[TASK]: Report, as a single figure, how many lines in the records below include "such".
=== INPUT DATA ===
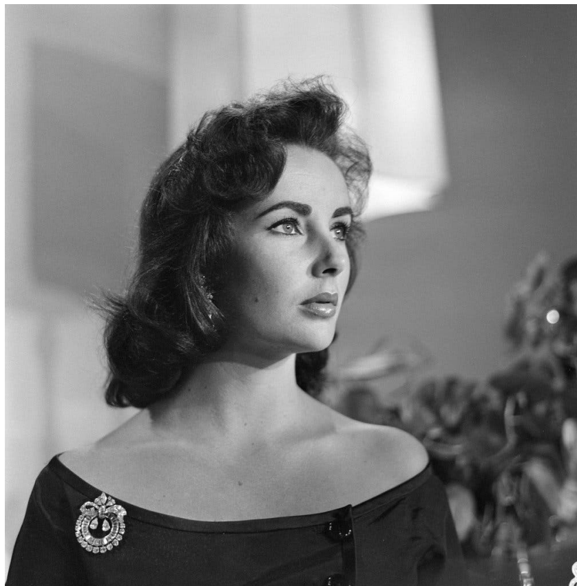
Elizabeth Taylor in 1957.

woman who is an honest performer. Therein lies her identity.”
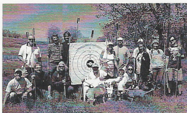
Wyoming - 2011

2. Teams of 3 throwers on a flight, using an ISAC target with an ISAC score sheet.
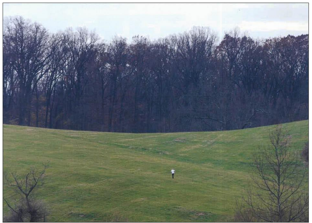
At 3pm .....Where is my compass?!

At the end of the day there are only 10 horses and riders left, plus 1 lunatic who ran 14 miles and 28 jumps!!! 3:30 pm
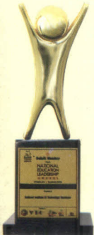
Dainik Bhaskar National Education Leadership Awards 2013
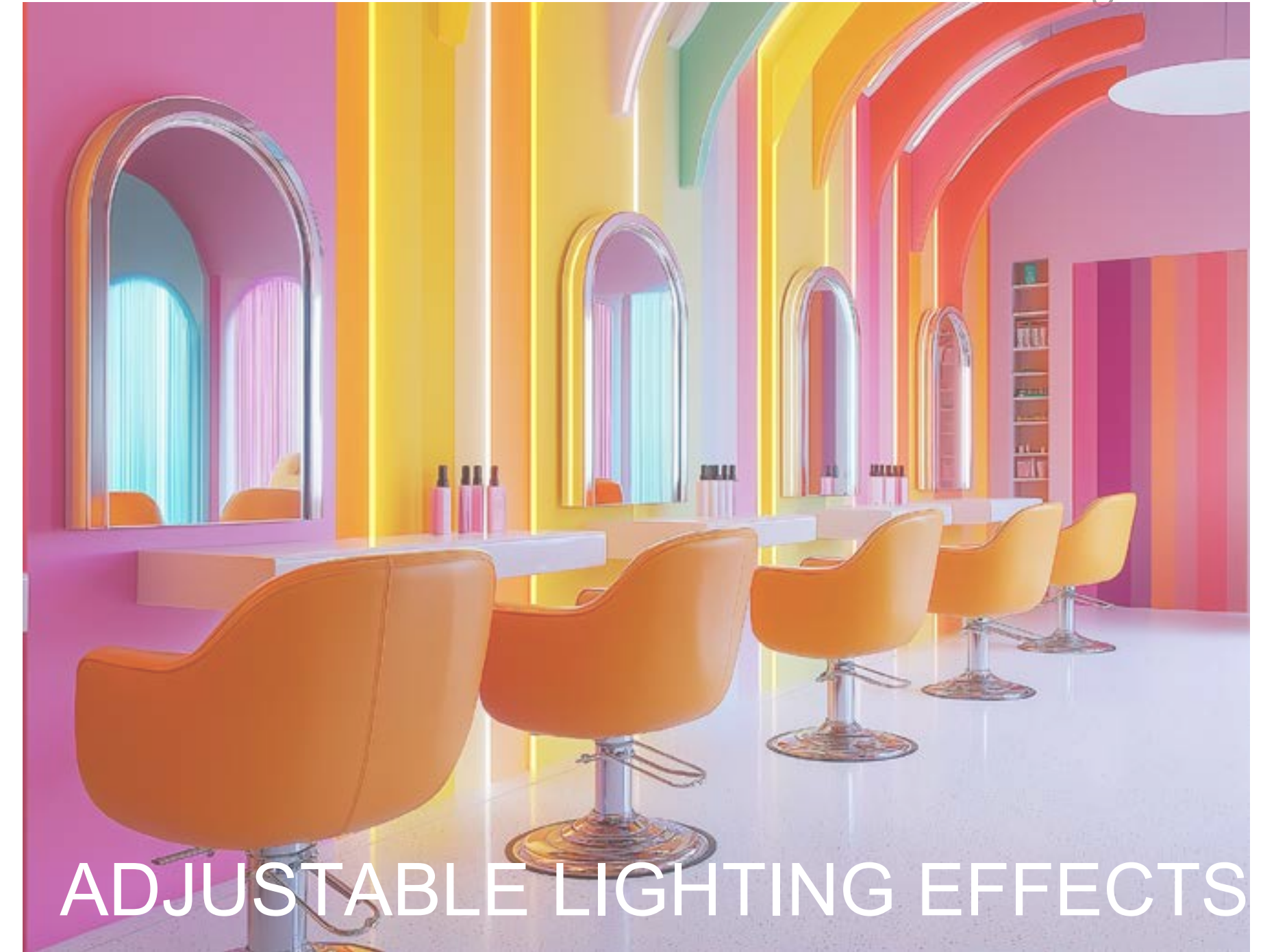
ADJUSTABLE LIGHTING EFFECTS
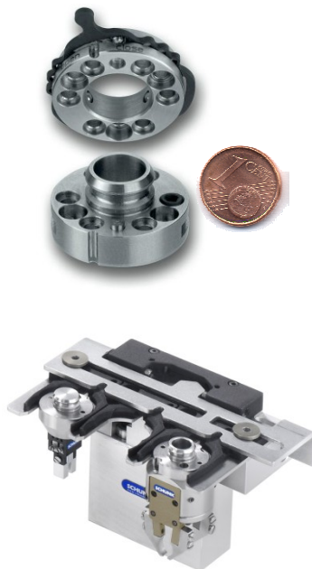
Figure 5: Micro Tool Change System MWS and Storage Rack MWM
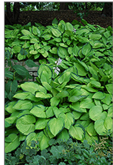
Gold Standard Hosta in bloom

We are so proud of the nursery stock that we have carefully selected for superior quality and performance, WE GUARANTEE ALL TREES, SHRUBS, EVERGREENS FOR 2 YEARS, AND ROSES FOR 1 YEAR!
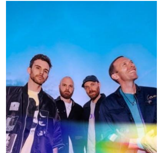
Pictured: Coldplay.

Coldplay's new album is going to be their most eco-friendly album yet - made from recycled plastic collected from rivers! Coldplay, working with Ocean Cleanup, have announced that when their 10 th record is released in October, the vinyl copies will each be made from nine recycled plastic bottles. The British rock band's upcoming album, Moon Music, will be a world-first for sustainable vinyl production. Coldplay are one of the best-selling music acts of all time, with over 100 million albums sold globally. This is not the first time that the band have considered their impact on the environment. They actively reduced the carbon footprint of their last tour by making changes to be more environmentally friendly, such as, using solar powered lights and sustainable aviation fuel.
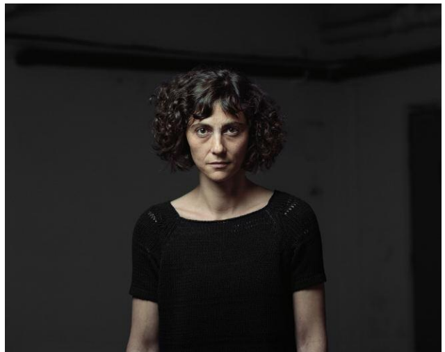
Press image 6 from the series »Psychadascalia«
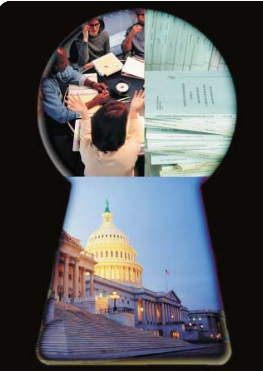
Data into action. Accurate exposure data are crucial for assessing risk from environmental contaminants and developing responsive regulatory and legislative solutions.

The findings came as no surprise to environmental health practitioners and officials, who have been working to coordinate interagency efforts for years. In the mid-1990s, the National Science and Technology Council's Committee on Environment and Natural Resources made integrating and coordinating environmental monitoring and research networks and programs across federal government a priority. The committee recognized that many such programs had single-agency or single-resource focuses, and that chief among such programs were exposure assessment initiatives. Last fall, the Committee on Environment and Natural Resources advocated creating an
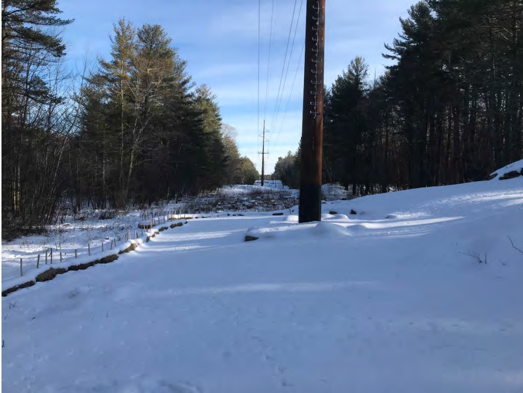
Fig 5: Str. 89 work area. Viewing southeast. (02-17-21)
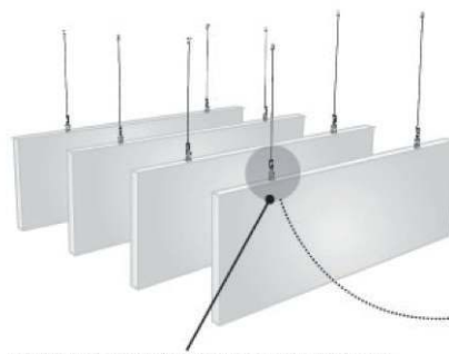
Installation Detail with Suspension Wire Kit

Clean white gloves must be used when handling the baffles. Install the first baffle and check that the installation is satisfactory before proceeding with the rest of the installation.
===
[SOLUTION BELOW]: 2